DISRAELI DOCUMENTS
Miroir-Sprint was a sports weekly that was founded in Paris, France in May 1946. It continued publishing until 1971.
Its first editor was Guy de Boysson, who was a leading figure in the FTP, a communist organisation that fought alongside the French Resistance. Miroir-Sprint was, to some extent, created by French Communists to compete with L'Équipe, at the time a new magazine that was formed in February 1946 by the staff of L'Auto. L'Auto had, arguably, been the leading French sports magazine before the war. It was closed in 1944, by the new French government as punishment for collaborating with the Nazis, something that the staff blamed on the German owners. Many on the left, however, considered that the L'Auto staff themselves had much to answer for, and that the new L'Équipe should not be supported.
This tussle between the left and the right extended to the question of what was going to happen to the Tour de France. Before the Second World War the Tour had been organised by L'Auto, but when this magazine was closed its assets, including the rights to the Tour, were seized by the government. Both Miroir-Sprint and L'Équipe wanted to be granted control of the famous race, and in 1946 both organised stage races in an attempt to convince the govenment to give them the franchise for the Tour.
Miroir-Sprint organised a five stage race called the 'Ronde de France', which ran from 10 to 14 July 1946. L'Équipe organised an alternative five stage race that they called 'La Course du Tour de France' and that ran from 23 July to 28th July 1946, starting a barely a week after the end of the 'Ronde de France'. Miroir-Sprint and other left-wing press refused to use the name 'La Course du Tour de France' as they did not think L'Équipe had the right to use the words 'Tour de France'. The left-wing press called L'Équipe's race the 'Monaco-Paris'.
Arguably L'Équipe had better connections with the government, and, unarguably, the Ronde de France was, regrettably, won by an Italian, Guilio Bresci, whereas La Course du Tour de France was, heroically, won by a Frenchman, Apo Lazaridès.

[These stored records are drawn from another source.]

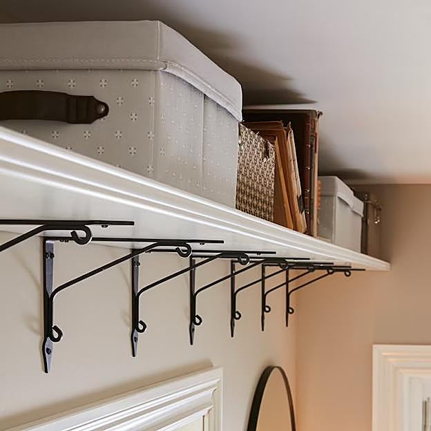 ¿Todavía necesitas más espacio? No pasa nada, siempre puedes poner un estante de pared encima de los marcos de las puertas para crear más espacio de almacenaje. En esta ocasión han escogido el estante BERGSHULT / KROKSHULT (32 euros) en color blanco y, en lugar de colocar las cosas encima sin más, han optado por meterlas en diferentes cestas y cajas, no sólo para que den un aspecto más ordenado al conjunto, sino para que no se te caiga nada en la cabeza.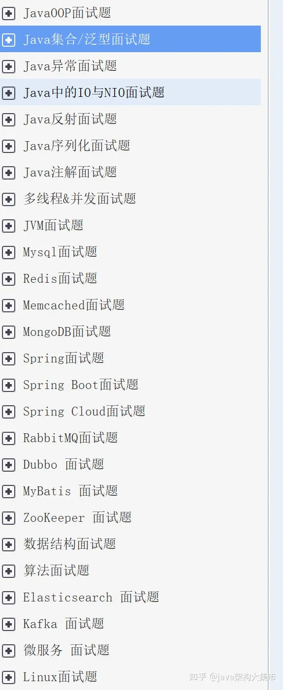 先给大家看一下内容,包含了java基础,多线程,Linux,kafka,算法,数据结构,微服务,zookeeper,mybatis,spring,mysql,redis,JVM,io/nio等等面试题详解,下面直接个大家展示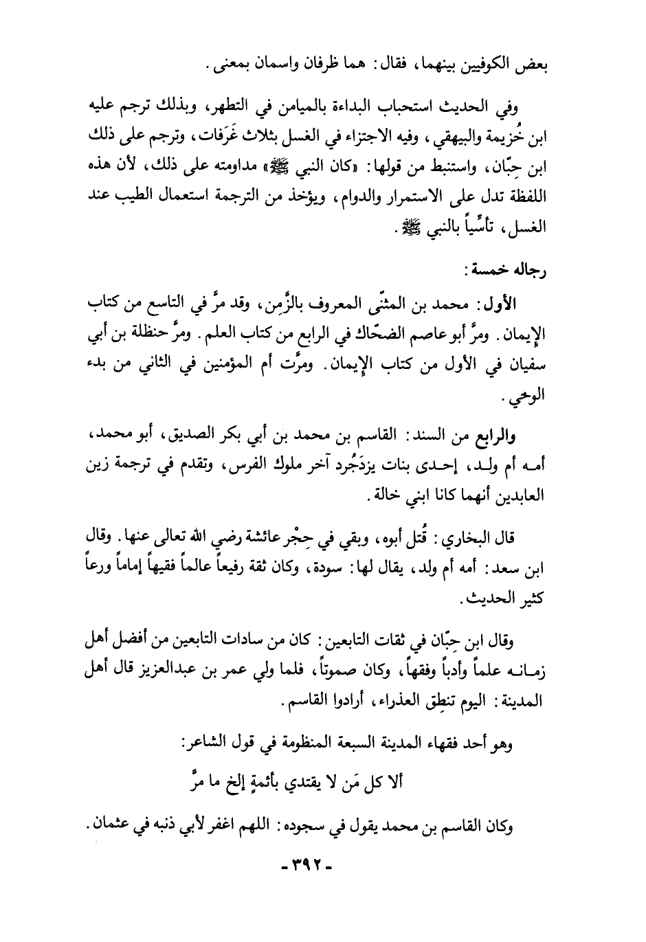 الأول: محمد بن المثنّى المعروف بالزَّمِن، وقد مر في التاسع من كتاب الإيمان. ومرَّ أبو عاصم الضحّاك في الرابع من كتاب العلم. ومرَّ حنظلة بن أبي سفيان في الأول من كتاب الإِيمان. ومرت أم المؤمنين في الثاني من بدء الوحي.

There has been many a discussion in many a Paris bar, all filled with the pungent, curling, smoke of Gauloises Bleu, about exactly how and why it happened, but, from 1947, the greedy, capitalist, L'Équipe was able to muscle aside the honest, proletarian Miroir-Sprint and take control of the future of the Tour de France, bla, bla, bla... (note that blah is spelled without an 'h' in French).